In particular, writer/director Justin Simien and star Tessa Thompson deserve to go places. While the movie is too long and dogged by haphazard plotting, there is a voice behind it. The story, about an Ivy League university that gets embroiled in controversy over a “ghetto”-themed frat party attended almost entirely by white people, uses every chance it gets to mercilessly excoriate the hypocrisies of our supposedly “post-racial” society. And as main character Sam, a ceaseless rouser of racial rabbles, Thompson exudes intelligence and cool ferocity.

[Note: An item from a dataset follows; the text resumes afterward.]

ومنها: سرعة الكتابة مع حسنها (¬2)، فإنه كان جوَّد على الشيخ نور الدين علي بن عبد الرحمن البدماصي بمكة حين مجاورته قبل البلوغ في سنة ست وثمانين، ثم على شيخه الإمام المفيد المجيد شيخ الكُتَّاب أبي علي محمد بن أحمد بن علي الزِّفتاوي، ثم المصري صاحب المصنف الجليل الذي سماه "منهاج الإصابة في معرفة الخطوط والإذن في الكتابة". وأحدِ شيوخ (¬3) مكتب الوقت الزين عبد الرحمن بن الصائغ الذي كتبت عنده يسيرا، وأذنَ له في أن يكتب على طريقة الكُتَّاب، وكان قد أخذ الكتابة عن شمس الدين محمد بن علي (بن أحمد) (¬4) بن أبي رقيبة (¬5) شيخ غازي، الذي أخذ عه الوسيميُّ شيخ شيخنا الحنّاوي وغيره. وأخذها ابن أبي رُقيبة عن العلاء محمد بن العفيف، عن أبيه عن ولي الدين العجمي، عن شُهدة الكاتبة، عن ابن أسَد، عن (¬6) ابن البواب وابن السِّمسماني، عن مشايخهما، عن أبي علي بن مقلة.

The whole cast does an excellent job, in fact. Mad Men’s Teyonah Parris shows how much the show is wasting her. Tyler James Williams of Everybody Hates Chris fame is endearingly subdued and awkward. Kyle Gallner is the perfect white fratboy douche. Dear White People is a younger, hipper Whit Stillman’s game, with his kind of sensibility for observing idiosyncratic behavior through a deadpan lens, but with a much more confrontational satirical taste. Sometimes the humor feels leadened beneath the tone, which often mixes with the lax pacing in a bad way. But there is a lot of promise here.
Grade: C
Laggies
Lynn Shelton shows up at the fest for the third year in a row. This time around, she focuses on the bitter refusal to grow up and face real life. This is embodied in main character Megan (Keira Knightley), who works as a sign flipper and is still dating her high school sweetheart Anthony (Mark Webber). She finds herself eerily at ease with a local gaggle of teenagers, especially Annika (Chloë Grace Moretz), than with her adult friends. When Anthony abruptly proposes to her, Megan panics and flees for a week to straighten her head. She claims to be going to a self-actualization program, but instead crashes with Annika and her single dad, Craig (Sam Rockwell), for an extended “sleepover.”

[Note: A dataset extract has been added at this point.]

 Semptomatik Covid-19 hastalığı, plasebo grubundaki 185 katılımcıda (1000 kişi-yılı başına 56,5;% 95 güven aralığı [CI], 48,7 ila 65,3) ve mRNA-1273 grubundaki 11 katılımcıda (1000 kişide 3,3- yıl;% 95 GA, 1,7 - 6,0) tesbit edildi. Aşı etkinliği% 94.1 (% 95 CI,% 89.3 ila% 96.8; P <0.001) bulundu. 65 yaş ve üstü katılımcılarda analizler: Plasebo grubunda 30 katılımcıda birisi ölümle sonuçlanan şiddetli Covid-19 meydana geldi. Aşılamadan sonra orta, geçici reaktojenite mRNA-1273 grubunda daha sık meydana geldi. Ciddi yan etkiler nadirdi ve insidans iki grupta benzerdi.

Laggies features what I believe to be Shelton’s greatest strength as a director, which is to make movies that are exceptionally pleasant, if nothing else. The actors all have an easy rapport with each other, and the film frequently draws laughs in a non-forced way. Knightley is a strong lead, adopting a convincing American accent and an even more convincing picture of arrested development. Megan is a self-described “floating” human being, moored to the whims of other people. The movie follows her attempts at seizing control of her own life.

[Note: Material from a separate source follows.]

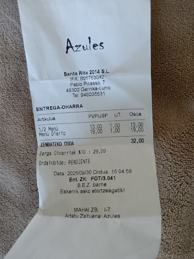My wife and I were visiting Gernika and looking for a spot for lunch when we came across Azures, which fronts a bustling plaza in the heart of this historic city. The place was packed. We got our name on the waiting list, walked around for about 20 minutes and came back. Our table was waiting for us, with linen cloth, glasses and silverware all set up—an excellent start that underscored the service we received. We ordered from the three-course menu for $17 Euros. I started with a bowl of lentils, perfectly cooked with the right of amount of spices, and a fresh roll of bread and glass of red wine. Next up was my main dish: grilled tuna on top of thinly sliced tomatoes cooked in extra virgin olive oil and garnished with caramelized onions. It was all very good. Instead of desert—flan or rice pudding—I had an espresso. We left satisfied and glad that we had given them...

Unfortunately, the movie’s sense of realism in the performances clashes with the often eye-rolling contrivance of the characters’ actions. Rockwell in particular is kind of unbelievable. He’s playing The Sam Rockwell (cocky, laid-back, sarcastic), but also a supposed Good Dad, so the fact that he keeps Megan around (and very quickly falls in love with her) feels off. In particular, every emotional climax in the resolution comes unearned. Laggies is nice but nothing more.
4 thoughts on “Sundance Reviews: ‘Hellion,’ ‘Mitt,’ ‘The Girl from Nagasaki,’ ‘Dear White People,’ ‘Laggies’”
Don’t make it too obvious who you voted for in the election. By the way, how’s that going for you?
November 6, 2012 . . . the day America kicked competency and integrity to the curb.
I’m definitely a liberal, yet I found more to like with Mitt. You’re right that it doesn’t dig into his politics, but it’s clear that Whiteley isn’t trying to make that kind of film. I wasn’t blown away but don’t remember being bored by it.
Man, The Girl From Nagasaki was one of the best movies I saw at Sundance. It was BEAUTIFUL. That’s all.